_INSTRUCTIONS TO FOLLOW_.
Among the lines below, a stretch begins at the one with "In der schön" and ends at the one with "Belas etiquetas de". Repeat that stretch exactly, ends included.

_LISTED RECORDS_.

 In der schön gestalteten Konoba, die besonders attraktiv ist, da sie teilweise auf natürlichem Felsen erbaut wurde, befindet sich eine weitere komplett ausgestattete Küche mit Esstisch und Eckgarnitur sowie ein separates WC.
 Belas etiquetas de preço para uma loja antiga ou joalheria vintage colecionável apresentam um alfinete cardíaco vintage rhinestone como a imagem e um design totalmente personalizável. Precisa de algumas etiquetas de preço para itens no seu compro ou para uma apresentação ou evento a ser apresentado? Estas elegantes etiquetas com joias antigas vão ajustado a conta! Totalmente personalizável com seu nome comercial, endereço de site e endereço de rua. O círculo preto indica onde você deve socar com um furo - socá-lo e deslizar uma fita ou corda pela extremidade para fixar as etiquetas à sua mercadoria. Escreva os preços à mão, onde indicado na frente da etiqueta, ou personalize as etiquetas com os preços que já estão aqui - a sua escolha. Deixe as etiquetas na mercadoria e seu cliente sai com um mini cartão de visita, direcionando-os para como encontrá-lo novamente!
==
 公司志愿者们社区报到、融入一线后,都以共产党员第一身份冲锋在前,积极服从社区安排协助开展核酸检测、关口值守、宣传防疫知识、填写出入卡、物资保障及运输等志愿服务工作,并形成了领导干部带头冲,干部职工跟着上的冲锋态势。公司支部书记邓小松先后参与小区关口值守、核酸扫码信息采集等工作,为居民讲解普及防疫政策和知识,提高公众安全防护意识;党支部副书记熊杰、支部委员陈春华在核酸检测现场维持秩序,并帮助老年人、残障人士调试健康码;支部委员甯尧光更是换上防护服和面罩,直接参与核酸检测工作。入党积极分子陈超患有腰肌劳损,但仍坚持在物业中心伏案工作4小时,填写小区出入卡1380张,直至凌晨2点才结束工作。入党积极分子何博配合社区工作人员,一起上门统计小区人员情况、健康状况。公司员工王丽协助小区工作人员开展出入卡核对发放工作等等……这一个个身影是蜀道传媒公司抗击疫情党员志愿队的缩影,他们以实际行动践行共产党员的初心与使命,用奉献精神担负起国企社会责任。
...
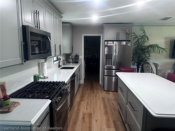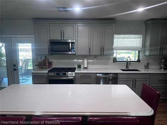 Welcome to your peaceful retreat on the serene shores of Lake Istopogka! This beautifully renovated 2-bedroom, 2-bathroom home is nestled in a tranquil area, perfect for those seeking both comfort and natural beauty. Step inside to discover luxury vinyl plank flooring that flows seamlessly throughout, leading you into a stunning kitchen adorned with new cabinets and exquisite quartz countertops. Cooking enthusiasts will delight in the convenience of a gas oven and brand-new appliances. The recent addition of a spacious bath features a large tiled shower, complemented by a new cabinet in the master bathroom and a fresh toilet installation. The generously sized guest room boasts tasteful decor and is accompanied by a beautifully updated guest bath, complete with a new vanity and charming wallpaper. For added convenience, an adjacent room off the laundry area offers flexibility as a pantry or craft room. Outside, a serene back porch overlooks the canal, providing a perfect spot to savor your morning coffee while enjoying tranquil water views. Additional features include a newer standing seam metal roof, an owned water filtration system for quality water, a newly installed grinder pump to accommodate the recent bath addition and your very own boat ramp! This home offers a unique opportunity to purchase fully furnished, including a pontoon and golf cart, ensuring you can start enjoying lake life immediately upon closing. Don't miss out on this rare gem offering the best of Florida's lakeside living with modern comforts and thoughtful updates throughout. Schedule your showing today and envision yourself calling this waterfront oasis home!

_YOUR RESPONSE_.
 In der schön gestalteten Konoba, die besonders attraktiv ist, da sie teilweise auf natürlichem Felsen erbaut wurde, befindet sich eine weitere komplett ausgestattete Küche mit Esstisch und Eckgarnitur sowie ein separates WC.
 Belas etiquetas de preço para uma loja antiga ou joalheria vintage colecionável apresentam um alfinete cardíaco vintage rhinestone como a imagem e um design totalmente personalizável. Precisa de algumas etiquetas de preço para itens no seu compro ou para uma apresentação ou evento a ser apresentado? Estas elegantes etiquetas com joias antigas vão ajustado a conta! Totalmente personalizável com seu nome comercial, endereço de site e endereço de rua. O círculo preto indica onde você deve socar com um furo - socá-lo e deslizar uma fita ou corda pela extremidade para fixar as etiquetas à sua mercadoria. Escreva os preços à mão, onde indicado na frente da etiqueta, ou personalize as etiquetas com os preços que já estão aqui - a sua escolha. Deixe as etiquetas na mercadoria e seu cliente sai com um mini cartão de visita, direcionando-os para como encontrá-lo novamente!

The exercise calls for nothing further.